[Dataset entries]
BEGIN

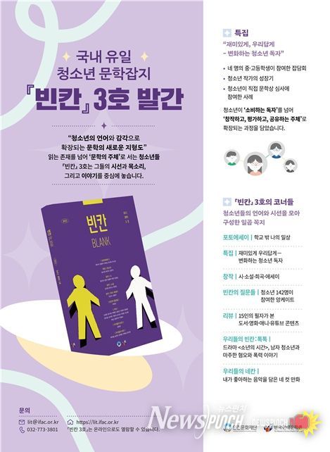뉴스펀치 김길룡 기자 | 인천문화재단 한국근대문학관은 국내 유일의 청소년 문학잡지 [빈칸] 3호를 발간했다.
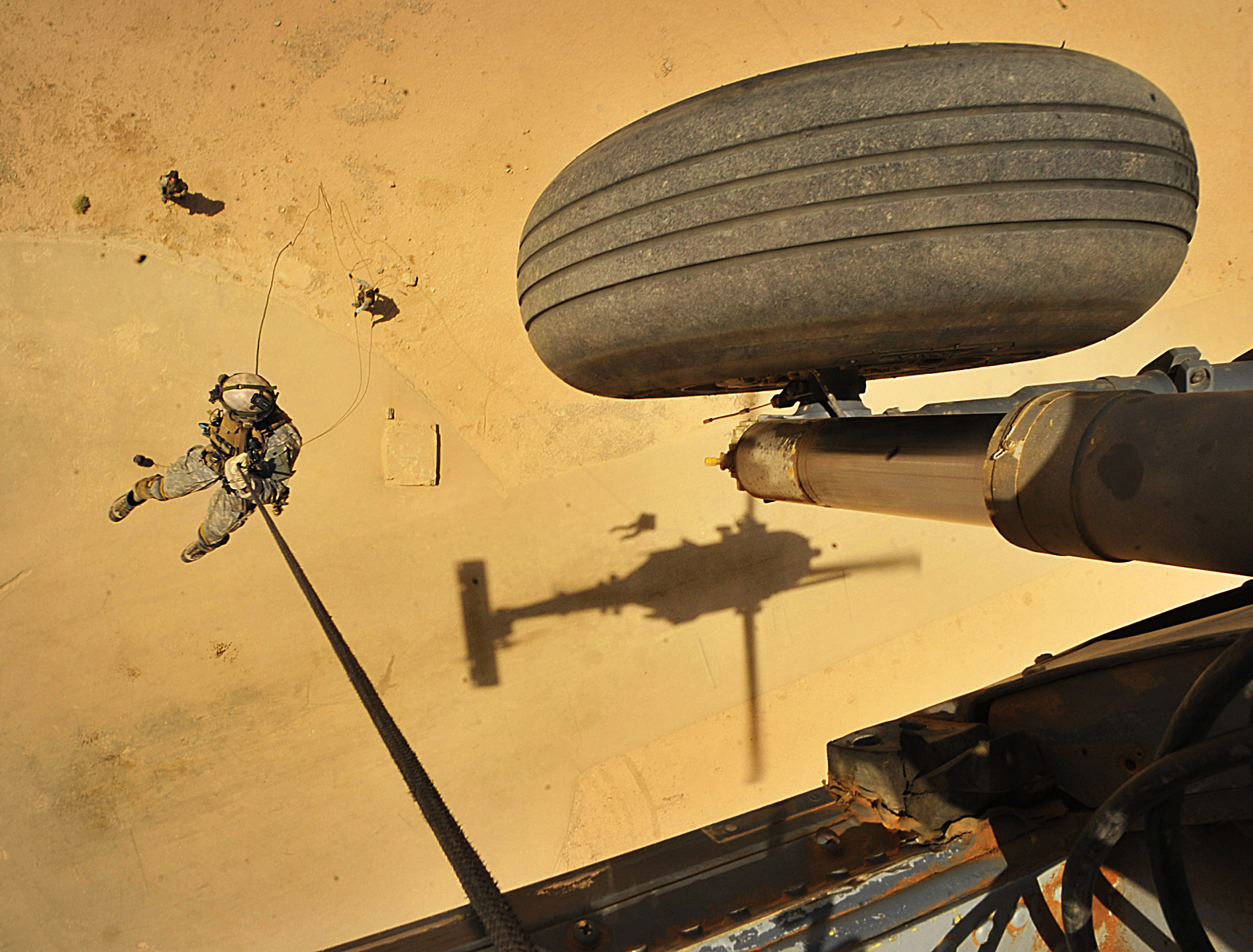 - 군사 작전: 특수 부대를 포함한 군인들이 헬리콥터를 이용한 공중 강습 시, 적절한 착륙 지점이 없을 때 목표 지점에 신속하게 침투하기 위한 전술적 수단으로 사용된다.
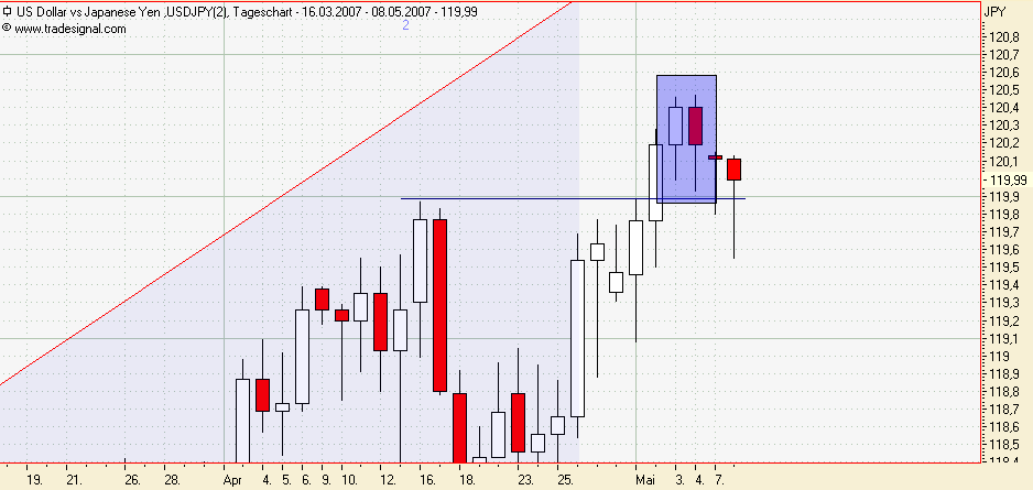 USDJPY: Am 04.05. ausgestoppt am TS mit -4 Pips bzw. -4,88€.
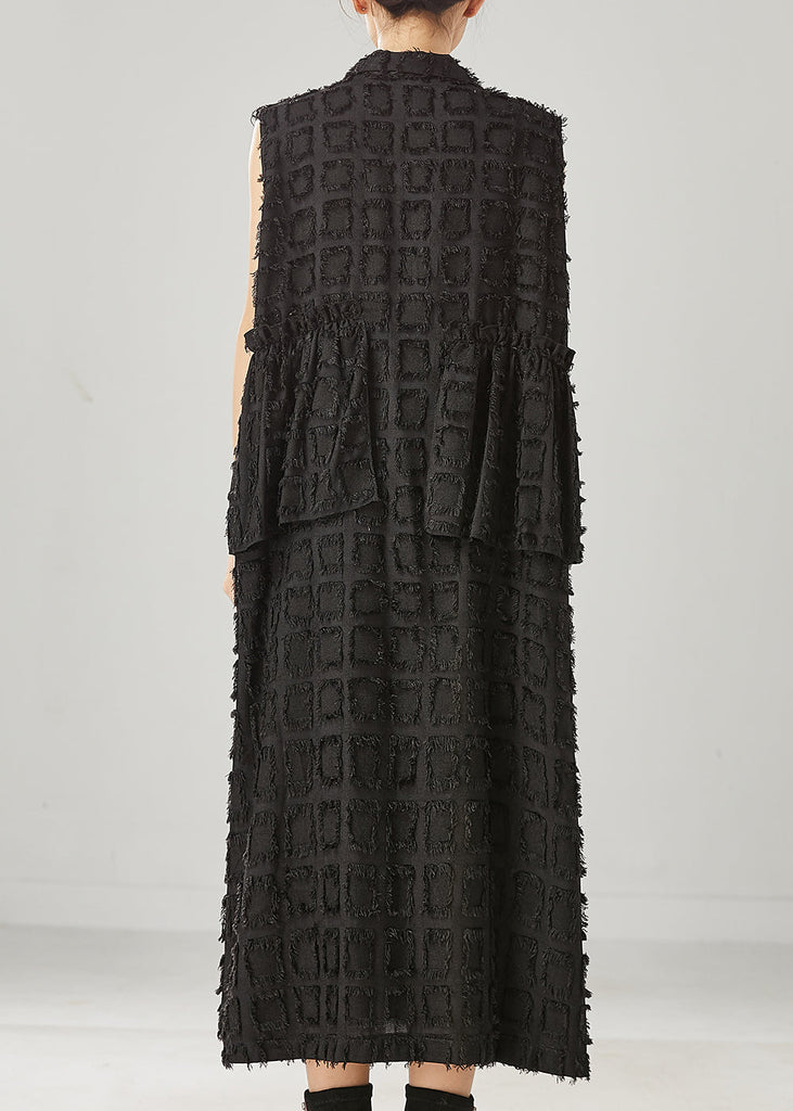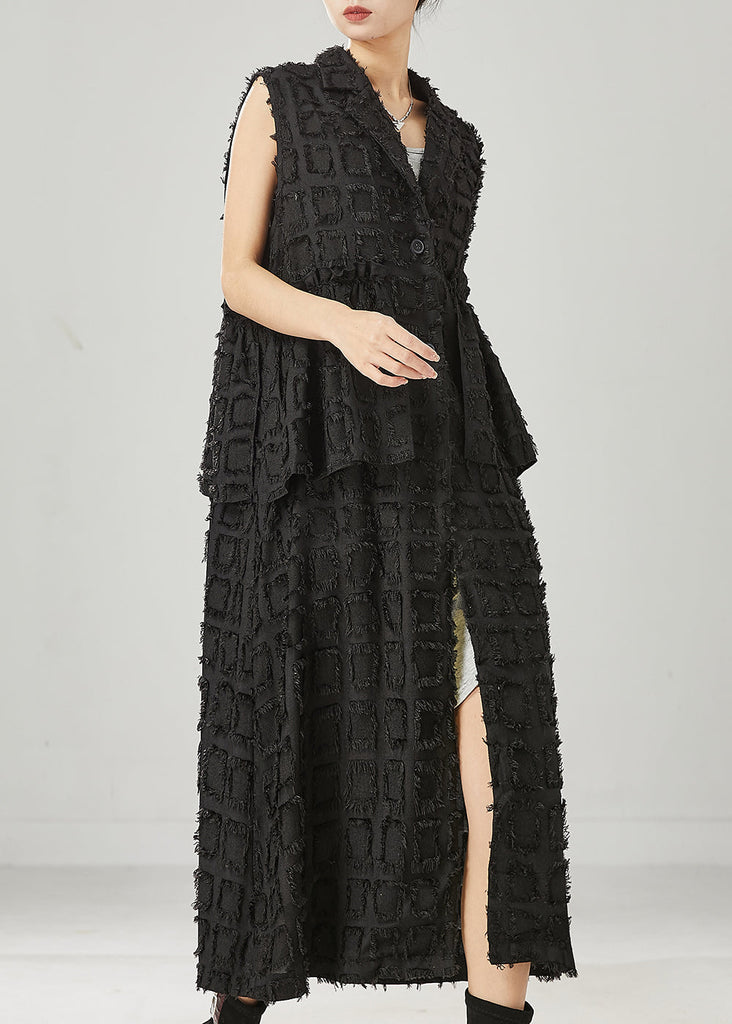 - Keep your look chic and stylish with our luxurious Black Loose Cotton Long Vests Tasseled Spring, crafted from premium cotton for a comfortable and elegant fit.
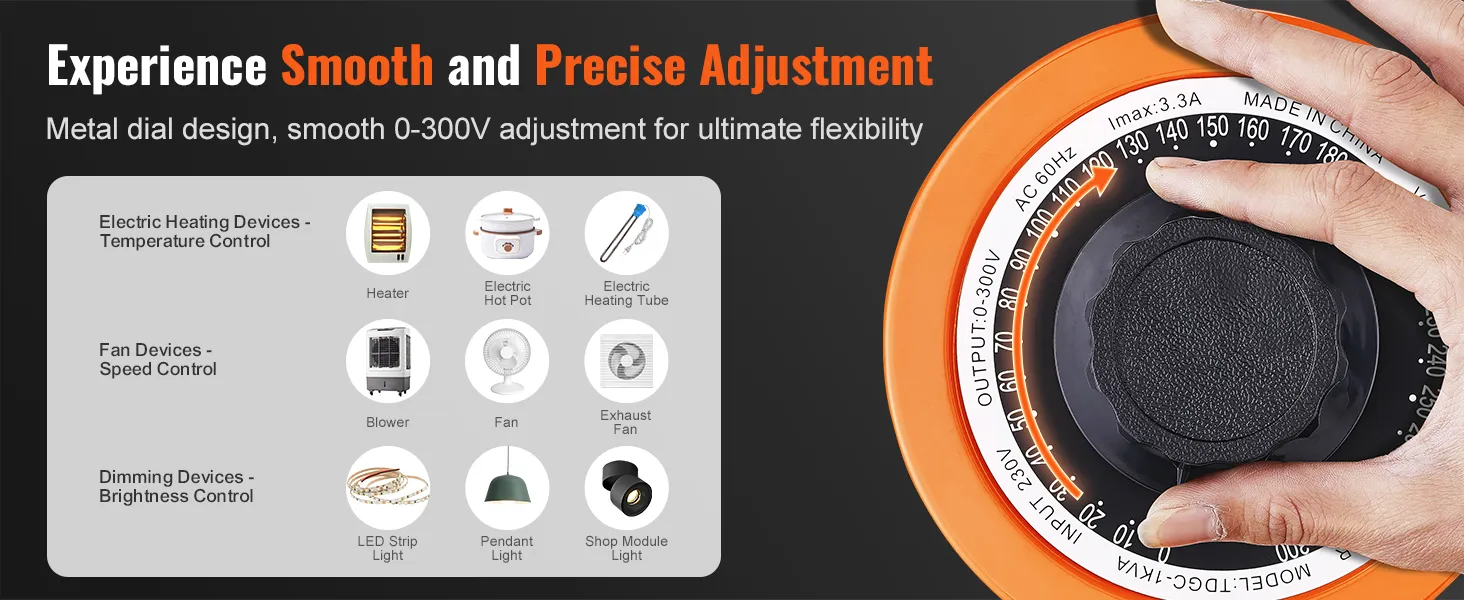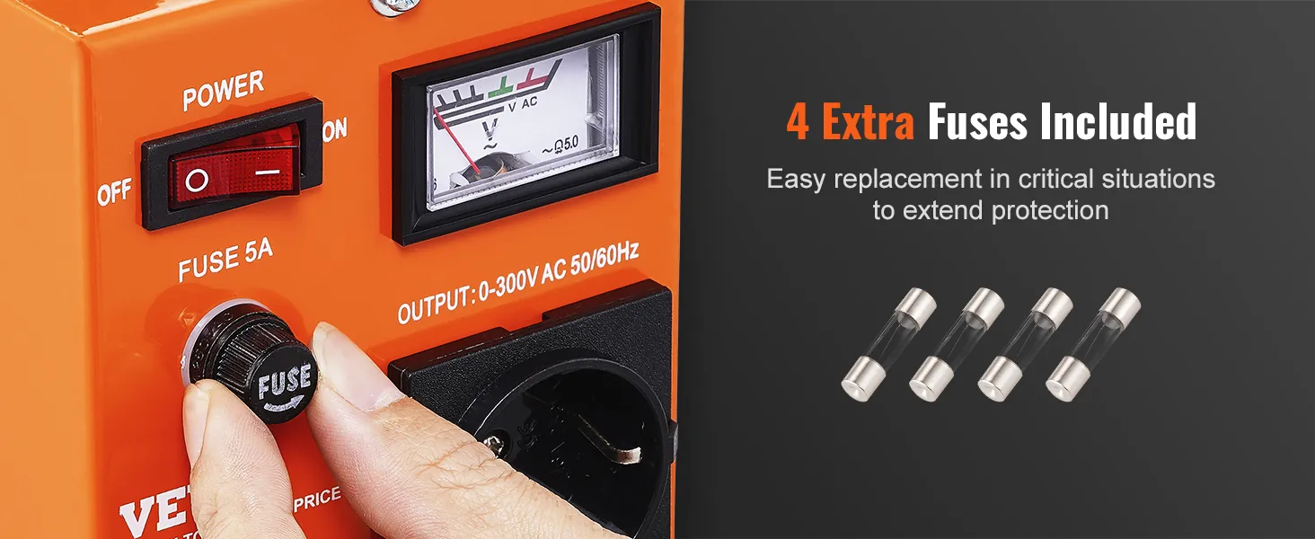 VEVOR 1000VA variabele spanningstransformator, 3,3 ampère, 230 V ingang, 0-300 V uitgang, AC-spanningsregelaar, voeding, met 4 extra zekeringen, voor thuis, industrie en kantoor

END

A word-for-word restatement of all the lines above is needed, with the pictures omitted.

뉴스펀치 김길룡 기자 | 인천문화재단 한국근대문학관은 국내 유일의 청소년 문학잡지 [빈칸] 3호를 발간했다.
 - 군사 작전: 특수 부대를 포함한 군인들이 헬리콥터를 이용한 공중 강습 시, 적절한 착륙 지점이 없을 때 목표 지점에 신속하게 침투하기 위한 전술적 수단으로 사용된다.
 USDJPY: Am 04.05. ausgestoppt am TS mit -4 Pips bzw. -4,88€.
 - Keep your look chic and stylish with our luxurious Black Loose Cotton Long Vests Tasseled Spring, crafted from premium cotton for a comfortable and elegant fit.
 VEVOR 1000VA variabele spanningstransformator, 3,3 ampère, 230 V ingang, 0-300 V uitgang, AC-spanningsregelaar, voeding, met 4 extra zekeringen, voor thuis, industrie en kantoor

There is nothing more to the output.